* _PROBLEM_: Exclude the pictures, then restate every entry below exactly.

* _RECORDS FOR THE TASK_:
----

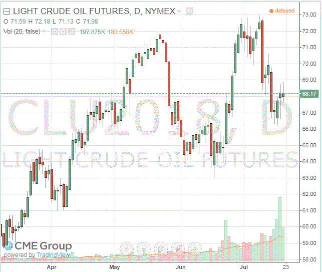 Стоимость сентябрьских фьючерсов на американскую легкую нефть марки WTI (Light Sweet Crude Oil) выросла до 68,17 доллара за баррель на Нью-йоркской товарно-сырьевой бирже.
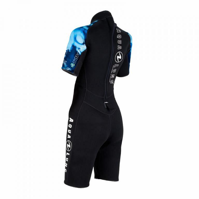 Hrudná časť je vyrobená z materiálu mesh skin, ktorý poskytuje väčšiu odolnosť proti oderu a vetru. Dámsky neoprénový short je vybavený manžetami na zápästí a členkoch, ktoré zabraňujú vniknutiu vody. Tiež ramenné potlačené prvky sú navrhnuté tak, aby chránili oblek proti oderu od kompenzátora vztlaku. Dámsky short má aj potlač na zápästí, ktorá podporuje držanie počítača na mieste. Obliekanie a vyzliekanie uľahčuje popruh pripevnený k jazdcu zipsu.
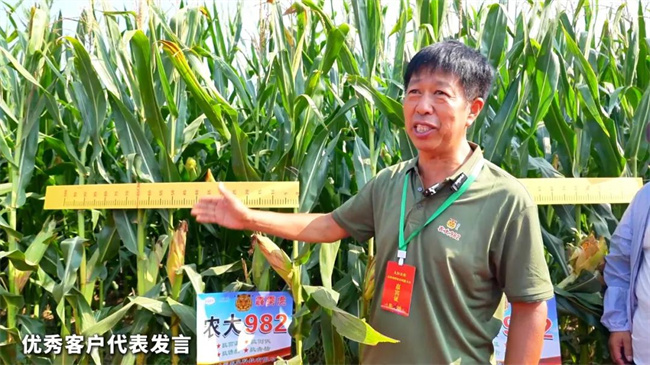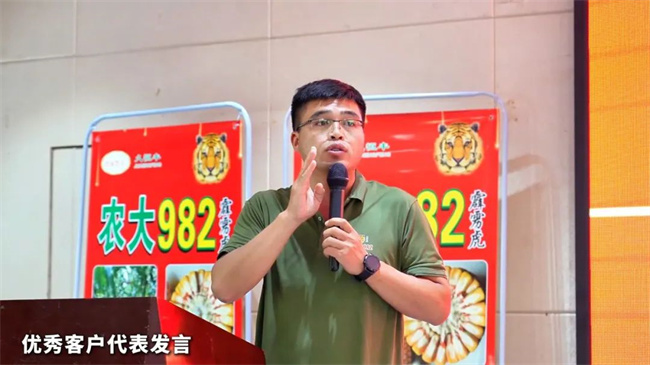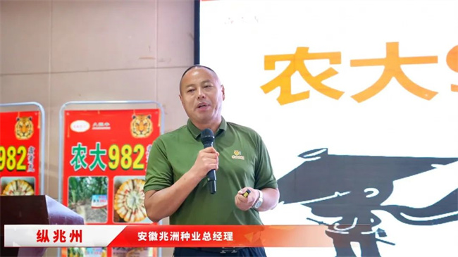 安徽兆州農業(yè)科技有限公司總經(jīng)理縱兆洲分享了農大982品種的綜合表現(xiàn)。他指出,農大982在大旱之年的隨機地塊中仍獲得高度認可,充分展現(xiàn)了其綜合抗性強、品種基因優(yōu)良等特點,且符合耐密型品種的發(fā)展趨勢。在當前種業(yè)市場競爭激烈、眾多品種難以持久的背景下,選擇農大982并結合線上線下宣傳及獨特的營銷服務,定能為公司帶來可觀的財富與廣闊的發(fā)展空間。縱總呼吁各位伙伴積極行動起來,把握這一難得的機遇,共同迎接未來的挑戰(zhàn)。
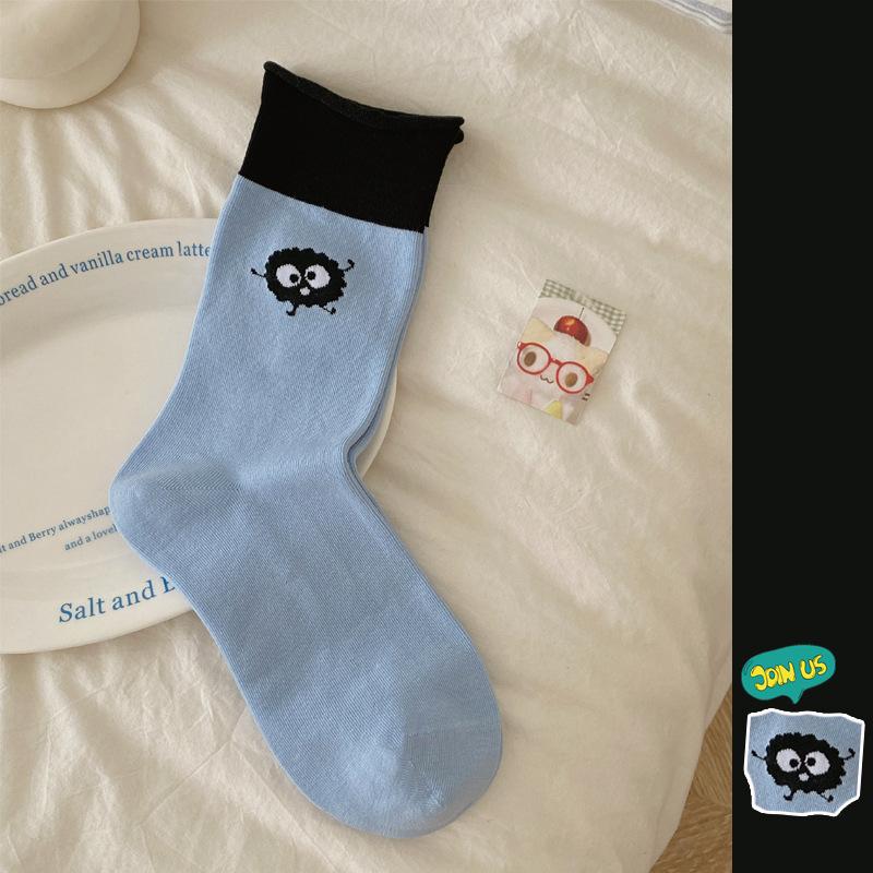 Сине-белые носки для девочек, осенние мультяшные носки до середины икры с маленьким черным угольком, цветные блочные носки с отворотами в стиле колледжа 1 pair
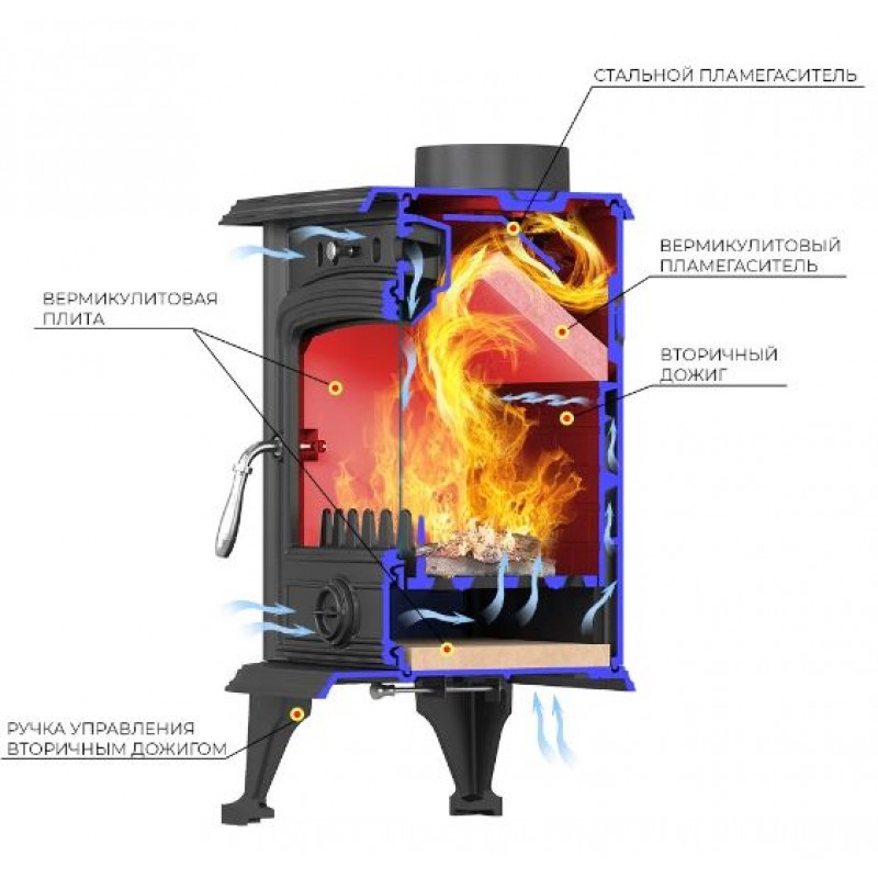 Боковые стенки и дно топки усилены вермикулитовыми плитами, задняя двойная чугунная стенка с системой вторичного дожига. С помощью этой функции по каналам подачи вторичного воздуха поступает кислород, который нагревается при прохождении между топочной камерой и стенками корпуса. Далее нагретый воздух через дефлектор поступает в топку, перемешивается с газами - продуктами горения, чем вызывает повторное возгорание. Регулировка этой системы осуществляется рычагом, расположенным в нижней части печи-камина.

----

* _EXERCISE RESPONSE_:
 Стоимость сентябрьских фьючерсов на американскую легкую нефть марки WTI (Light Sweet Crude Oil) выросла до 68,17 доллара за баррель на Нью-йоркской товарно-сырьевой бирже.
 Hrudná časť je vyrobená z materiálu mesh skin, ktorý poskytuje väčšiu odolnosť proti oderu a vetru. Dámsky neoprénový short je vybavený manžetami na zápästí a členkoch, ktoré zabraňujú vniknutiu vody. Tiež ramenné potlačené prvky sú navrhnuté tak, aby chránili oblek proti oderu od kompenzátora vztlaku. Dámsky short má aj potlač na zápästí, ktorá podporuje držanie počítača na mieste. Obliekanie a vyzliekanie uľahčuje popruh pripevnený k jazdcu zipsu.
 安徽兆州農業(yè)科技有限公司總經(jīng)理縱兆洲分享了農大982品種的綜合表現(xiàn)。他指出,農大982在大旱之年的隨機地塊中仍獲得高度認可,充分展現(xiàn)了其綜合抗性強、品種基因優(yōu)良等特點,且符合耐密型品種的發(fā)展趨勢。在當前種業(yè)市場競爭激烈、眾多品種難以持久的背景下,選擇農大982并結合線上線下宣傳及獨特的營銷服務,定能為公司帶來可觀的財富與廣闊的發(fā)展空間。縱總呼吁各位伙伴積極行動起來,把握這一難得的機遇,共同迎接未來的挑戰(zhàn)。
 Сине-белые носки для девочек, осенние мультяшные носки до середины икры с маленьким черным угольком, цветные блочные носки с отворотами в стиле колледжа 1 pair
 Боковые стенки и дно топки усилены вермикулитовыми плитами, задняя двойная чугунная стенка с системой вторичного дожига. С помощью этой функции по каналам подачи вторичного воздуха поступает кислород, который нагревается при прохождении между топочной камерой и стенками корпуса. Далее нагретый воздух через дефлектор поступает в топку, перемешивается с газами - продуктами горения, чем вызывает повторное возгорание. Регулировка этой системы осуществляется рычагом, расположенным в нижней части печи-камина.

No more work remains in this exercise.